Leadership as the New and Best Social Practice


Pausing to reflect and be mindful is critical for leaders today, says Keren Tsuk, CEO and founder of Wisdom to Lead. With a PhD in leadership and years of case study experience, she has seen the benefits for individuals and companies when leaders take time to be more aware. She suggests beginning each day with a few minutes of meditation, but mindfulness also extends to being willing to really listen to the needs around you, asking hard questions, and being present with others. Tsuk shares examples of executives who created space for dialogue around hard issues and included employees in the process, which led to better results. She explains that people want to feel connected and seen at work, so being there for those on your team is important. Tsuk also sees leadership as a more social process now that involves everyone in a company, not just executives and managers.

Keren, how does one get to become an expert in leadership?

First of all, it’s leading by example. It starts with evolving as a person. You learn from experience. I conducted a case study for two years in a high-tech company because I was really interested to learn what’s happening when theory meets the field.

My leading question is: what is the role of leaders nowadays in leading financially successful organizations, alongside motivating and engaging the employees and enabling them to fulfill themselves and to be creative? I found that mindfulness is a crucial element that leaders will need to embrace in order to engage people, to reinvent ourselves, to evolve.
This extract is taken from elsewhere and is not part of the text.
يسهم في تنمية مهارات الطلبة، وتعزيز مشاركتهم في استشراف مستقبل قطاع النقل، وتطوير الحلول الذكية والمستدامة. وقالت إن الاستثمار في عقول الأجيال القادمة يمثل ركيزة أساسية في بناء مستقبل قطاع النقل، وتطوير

I’m working with these tools and this experience to help people to listen deeper to themselves, their employees, the customers, and the market, and to listen to what they really need. And then to create products and services that add value to the community.

Why is leadership something that we find difficult to really do really well?

First of all, we need to be able to really listen to what’s needed and not act out of our ego and automated behaviors. We need to dare to pause and ask ourselves tough questions. We don’t like to look in the mirror and say, “I was wrong.” We really need to connect to our humanity and to others, and at the same time, to see the bigger picture and not to be hooked up in our story.

A mindful leader has the ability to be mindful and present. Also to hold tensions: between the short-term and the long-term, between the employees’ needs and the organization needs, between speed and quality. As a leader, I need to be able to hold these tensions and really listen.